Dall’altra parte non esiste una strategia unica. Stati Uniti e Israele condividono un obiettivo tattico — colpire rapidamente l’Iran — ma divergono sul advantageous ultimo. Per Israele la questione è esistenziale: il regime resta una minaccia e occorre quindi neutralizzarlo definitivamente. E consolidare una supremazia regionale. Per Washington la logica è diversa: operazione breve, senza occupazione, senza il rischio di impantanarsi. È la strategia “bomb and hope”: colpire, degradare e uscire prima che i costi politici esplodano. I “boots on the bottom” evocati sono soprattutto deterrenza comunicativa.

Questa divergenza è decisiva. Una guerra breve favorisce Washington. Una guerra strutturale favorisce Israele. Una guerra lunga penalizza il Golfo. La tensione tra questi tre vettori è la variabile nascosta del conflitto.

In parallelo, Washington guarda alla dimensione globale. Una quota rilevante delle esportazioni petrolifere iraniane finisce in Cina. Se quei flussi vengono tagliati, insieme alla pressione sul petrolio russo e venezuelano, ciò restringe il margine negoziale della Cina sul piano energetico proprio mentre si intensifica la competizione per terre uncommon e tecnologie strategiche.

La guerra contro l’Iran non è dunque solo mediorientale: è un capitolo della competizione USA-Cina. Pechino protesta ma incassa. Non può proteggere militarmente Teheran e non romperà con Washington per l’Iran. Per Xi il file decisivo resta Taiwan e la stabilità del rapporto economico con gli Stati Uniti.
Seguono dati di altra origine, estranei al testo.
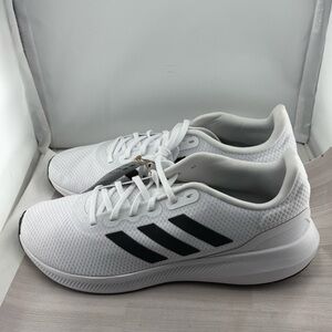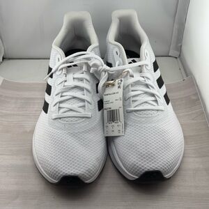 Experience the perfect blend of style and functionality with these adidas athletic shoes, featuring a sleek white mesh upper accented by iconic black stripes. Designed for optimal performance, these shoes offer a lightweight feel and superior comfort, making them ideal for both casual wear and intense workouts. The minimalist design ensures a modern look, while the durable rubber soles provide excellent traction and support.
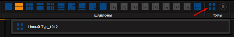 Для того чтобы остановить выполнение тура необходимо навести фокус на видеоокно шаблона, в котором он запущен, и нажать кнопку  (элемент 1.6 рис. 12.2.1).
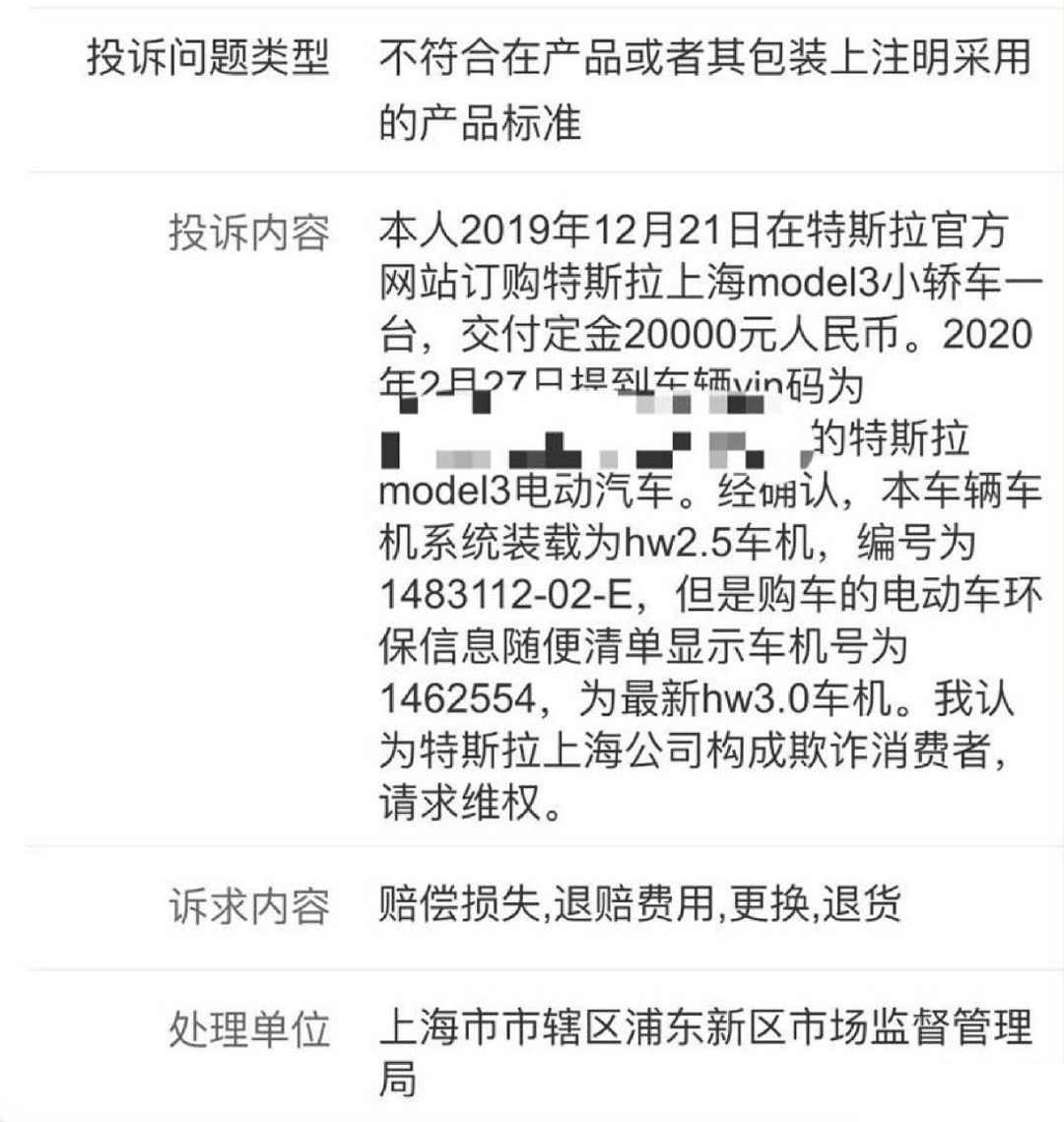 还有就是2020年发生的“减配门”,部分国产Model 3车主发现自己车辆配备的是自动驾驶硬件Hardware2.5版本,而不是环保信息随车清单中标注的Hardware3.0版本。
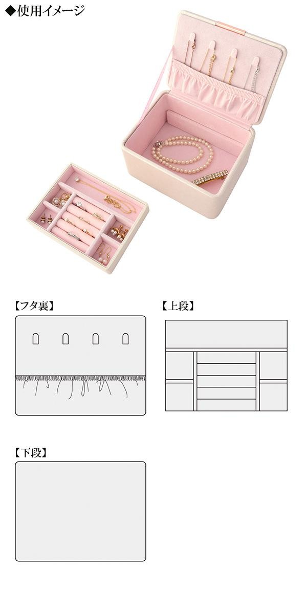 フェイクレザーが高級感を演出し、ピンクのベルベットの内生地はアクセサリーをやさしく守りつつ可愛らしさを際立てます。
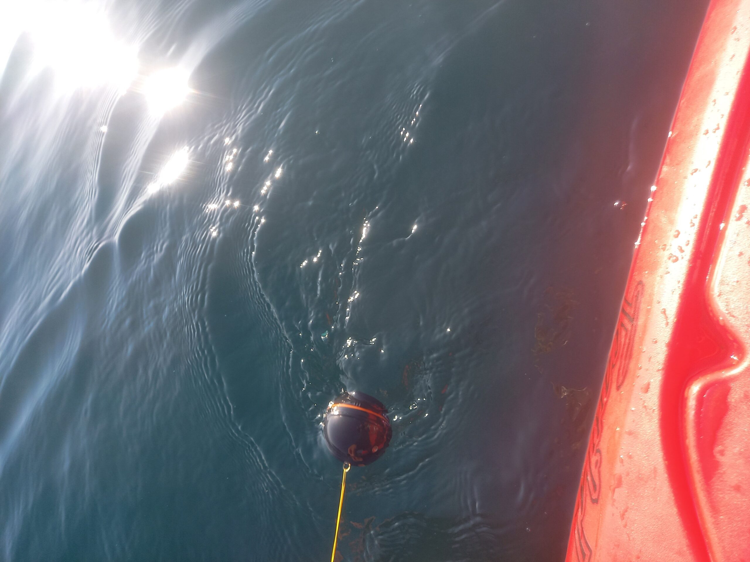 Deeperは魚探なので、水面に対して垂直である必要があります。もし斜めになると、正しく水深が測れません。しかし、カヤックが進み釣り糸でDeeperが引っ張られると、Deeperが傾いてしまいます。下の写真は、Deeperが引っ張られて傾いているときの状態です。
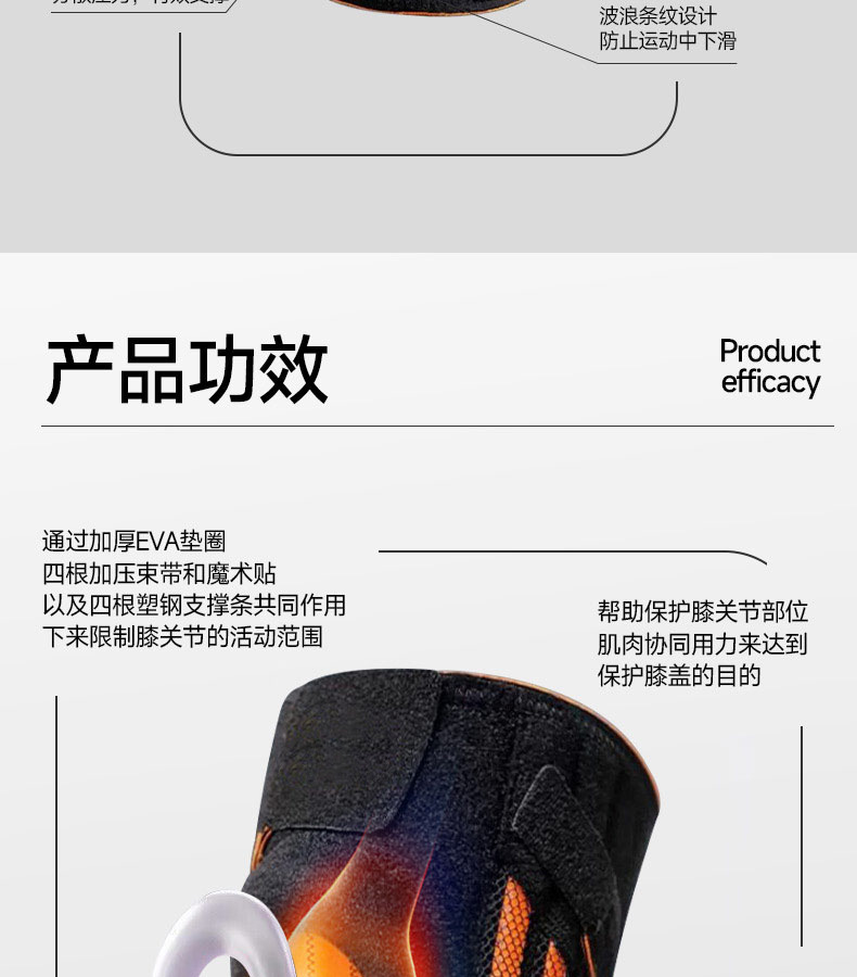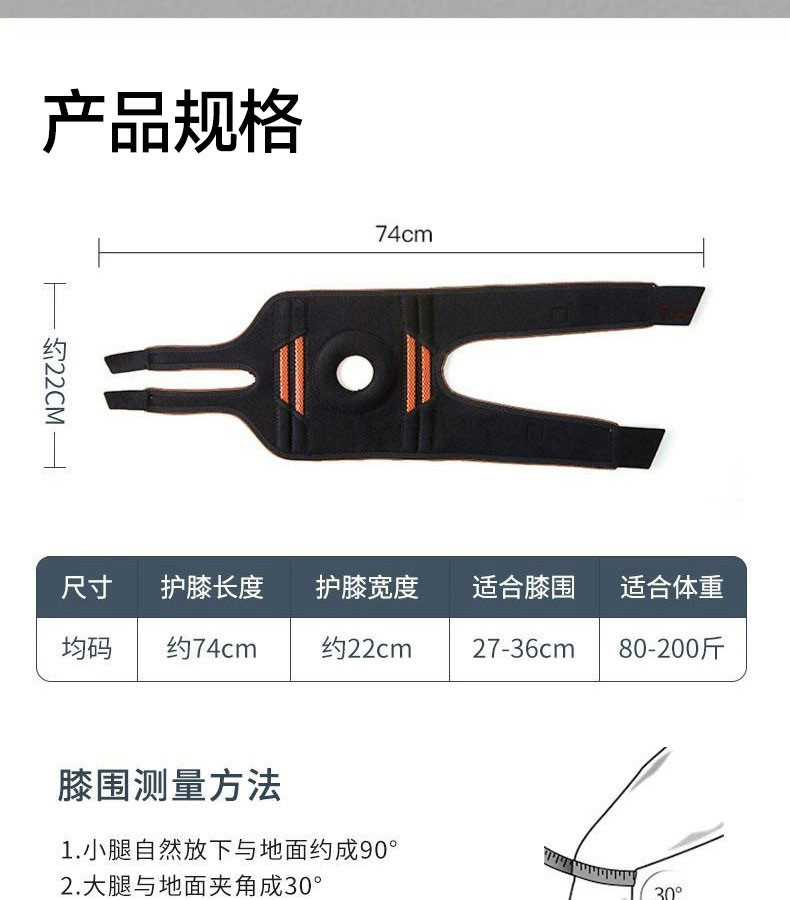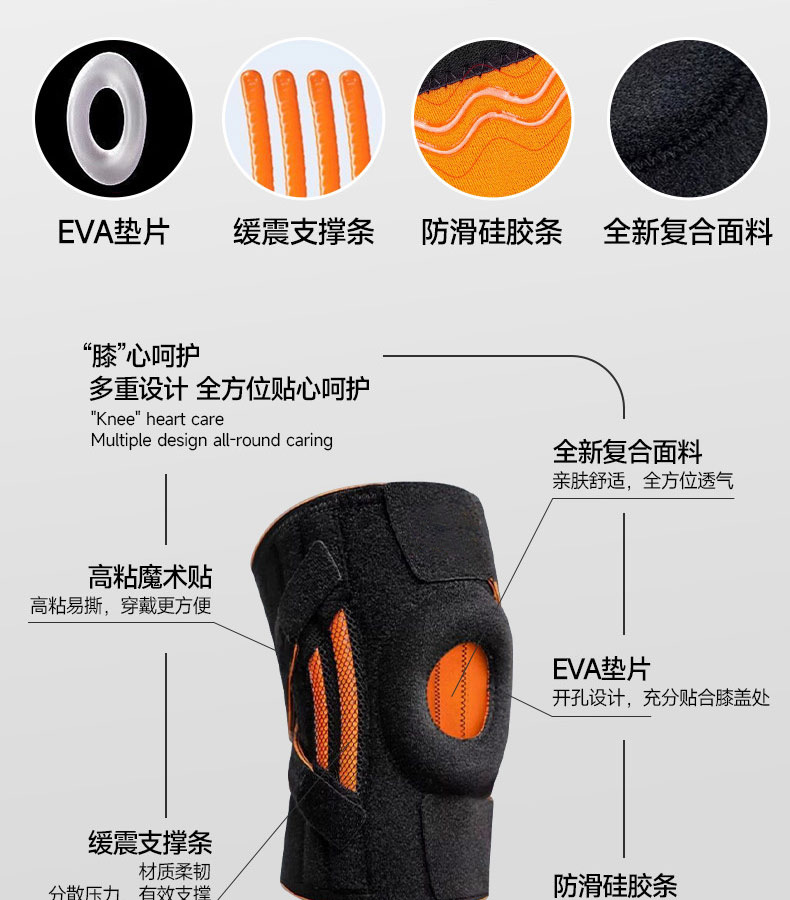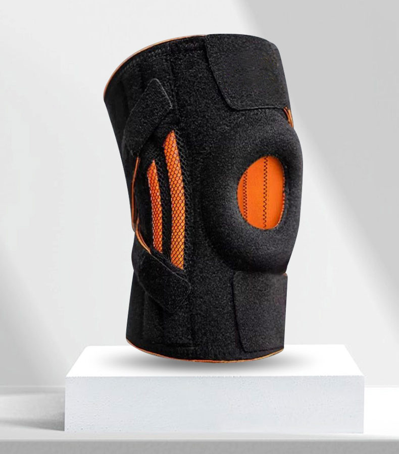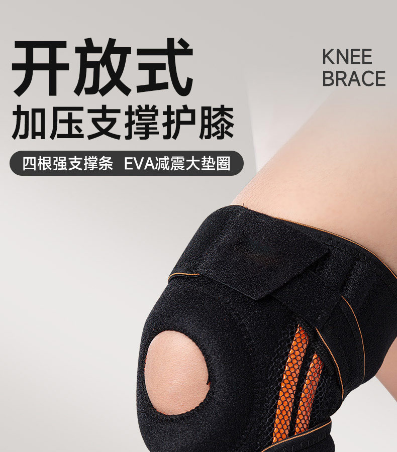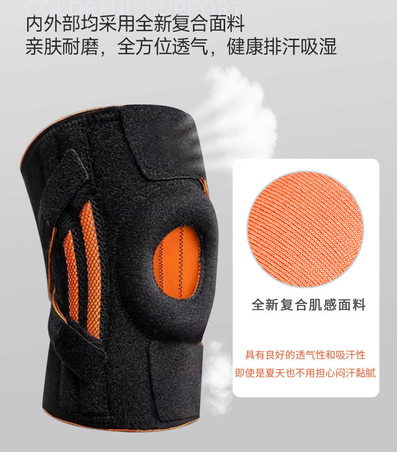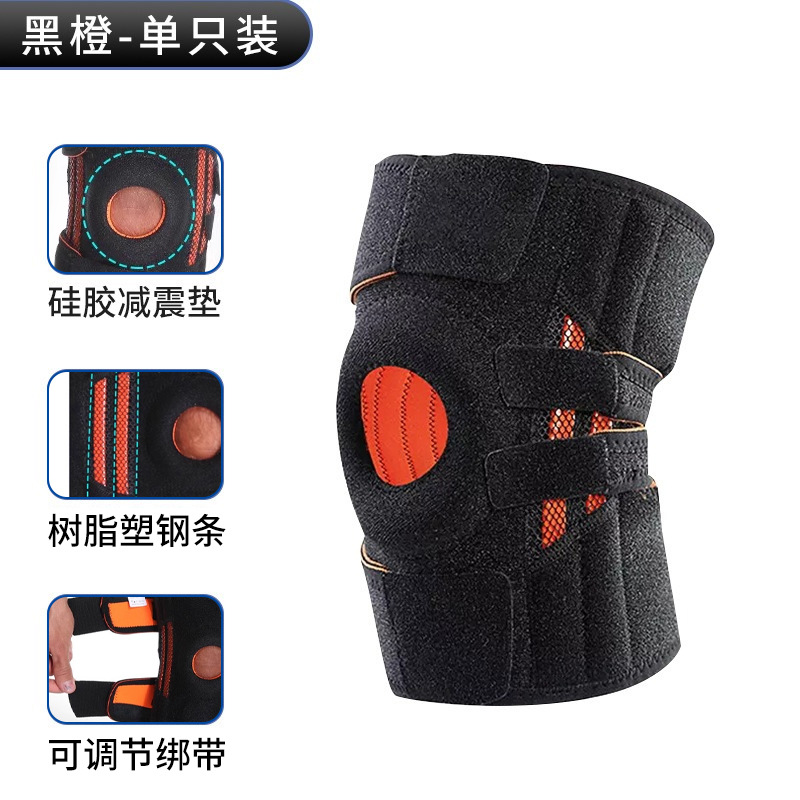 Professional Hiking Knee Protector with Meniscus & Cartilage Support, Open Spring Design (22x74cm) Black Orange (Single Pack) 10ea
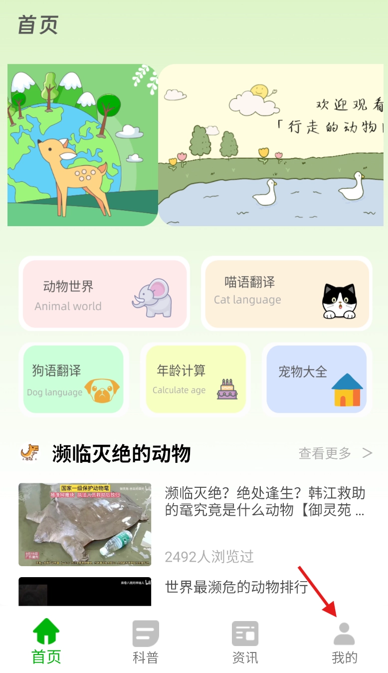 1、启动动物世界大全,在主界面底部找到并轻点 “我的” 选项。
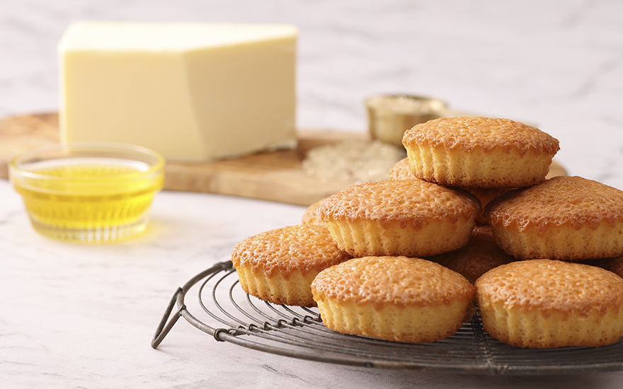 「こがしバターケーキ」は、フィナンシェやマドレーヌとは異なる独特の食感と風味が特徴の焼き菓子。大阪府泉佐野市の老舗菓子店「むか新」が手がけるロングセラーで、大阪土産の定番にもなっています。
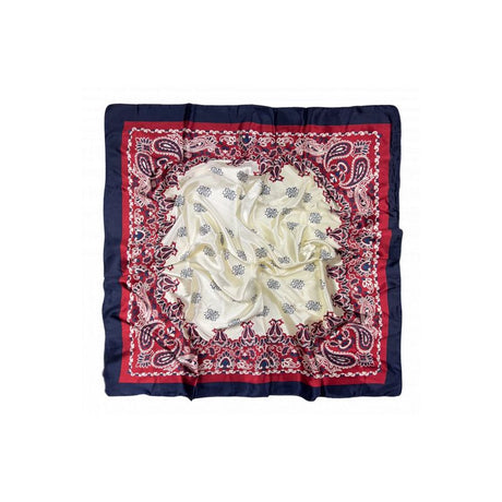 Pañuelo Borde Marino Adornos Cachemire Rojo y Centro Beige
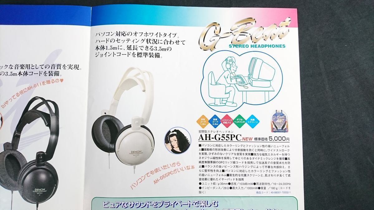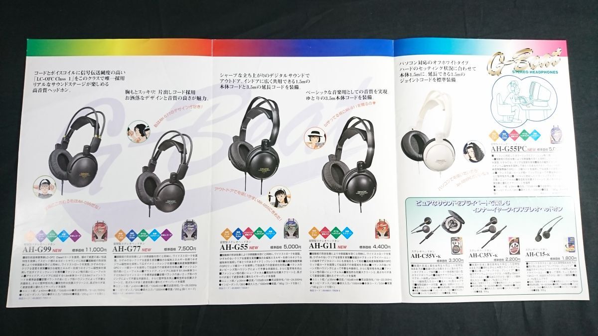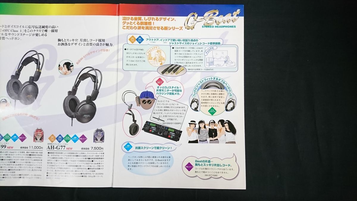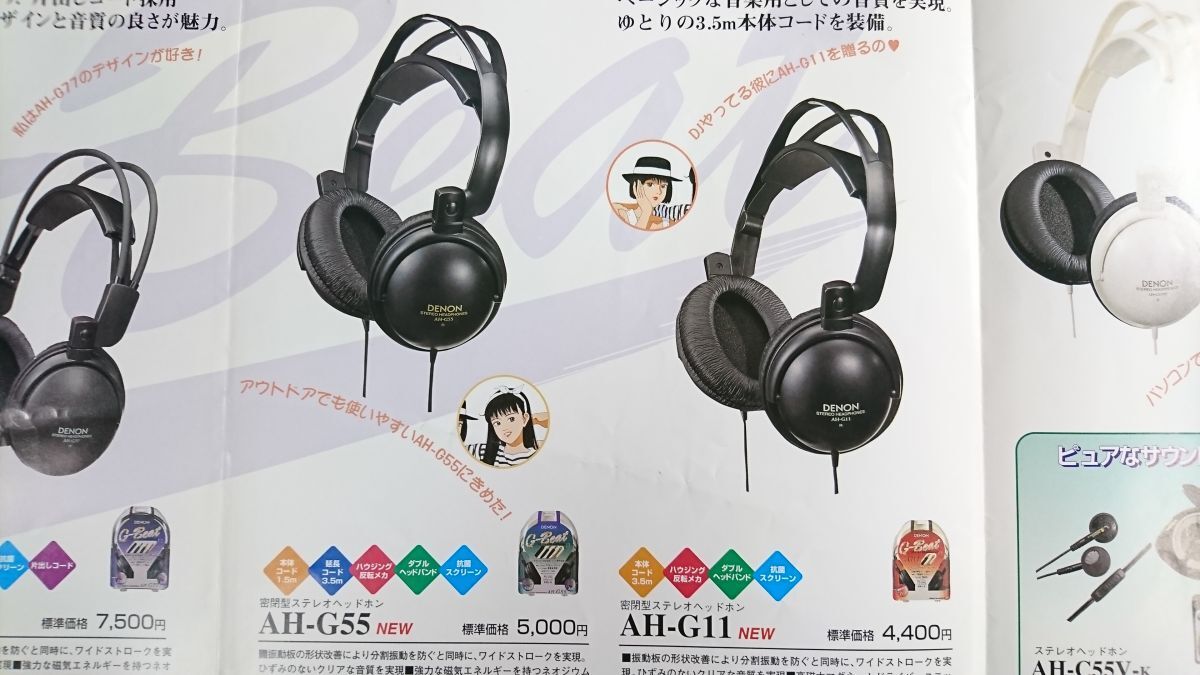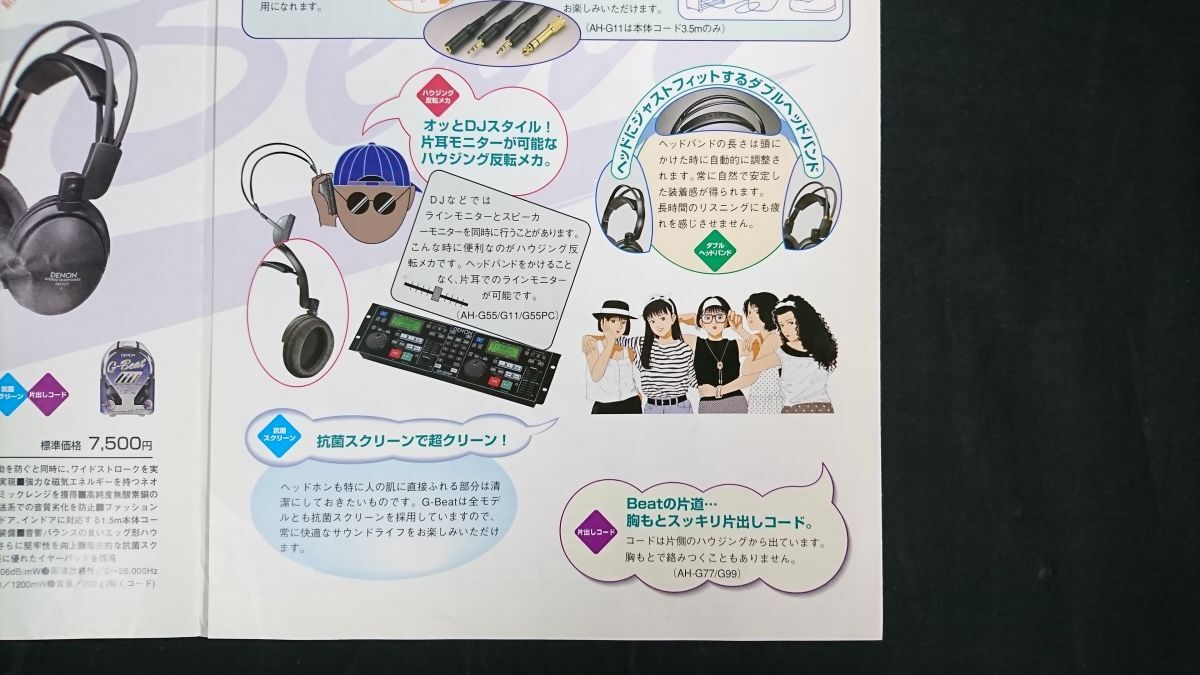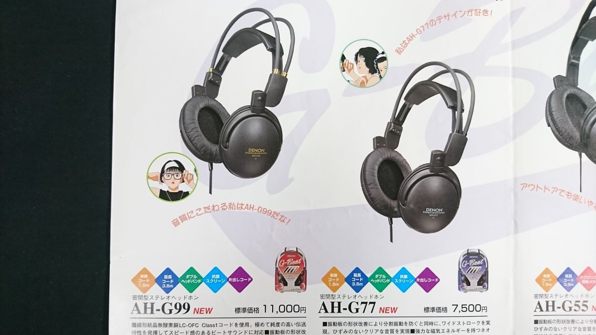 | 『DENON(デノン) G-Beat STERO HEADPHONES(ヘッドホン) 総合カタログ 1997年5月』絵:江口寿史 日本コロムビア株式会社/AH-G99/AH-G77/AH-G55/AH-G11/AH-G55PC/AH-C55V-K/AH-C35V-K/AH-C15-K | |

La Russia non interviene ma beneficia. Prezzi più alti di gasoline e petrolio finanziano l’economia di guerra. L’Ucraina scivola in secondo piano. Mosca non salva il companion -dopo il Venezuela vede cadere un altro alleato- ma capitalizza la crisi.

E mentre l’attenzione strategica mondiale si concentra sull’Iran, anche il file palestinese scivola ai margini: Gaza e soprattutto la Cisgiordania continuano a deteriorarsi sotto il rumore geopolitico di una guerra più grande.

L’Europa è l’attore vulnerabile. Esposta al Golfo per le sue importazioni energetiche, teme soprattutto uno shock sistemico sulle rotte commerciali. Macron lo ha detto esplicitamente: se Hormuz si blocca, la crisi smette di essere regionale e diventa globale. La visita di Merz a Washington cube il resto: comprendere la logica strategica dell’operazione americana ma cercare di influenzarne l’esito prima che l’escalation travolga l’economia europea. Si tratta del tentativo europeo di rientrare nella definizione dell’assetto del dopoguerra prima che l’escalation produca costi energetici e finanziari difficili da sostenere.

Resta il punto più delicato. Un Iran frammentato sarebbe una fonte permanente di instabilità: milizie non controllabili, traffici sulle rotte, shock energetici strutturali, radicalizzazione transnazionale. Il regime ha legittimità erosa ma controlla le armi. La variabile decisiva è la coesione dei corpi armati. Finché IRGC e apparati restano compatti il collasso è improbabile; se si fratturano può essere improvviso e caotico.

Questa guerra si regge su alcune scommesse: l’Iran sulla resistenza e sull’aumento dei costi globali; Israele su una finestra storica per eliminare la minaccia; gli USA su un colpo rapido senza impantanamento; il Golfo sulla possibilità di recuperare stabilità. Il problema è che queste scommesse non sono compatibili nel medio periodo.

“Epic Fury” è una dimostrazione di forza. Ma se mira a distruggere un equilibrio senza costruirne uno nuovo rischia di diventare “Epic Gamble”.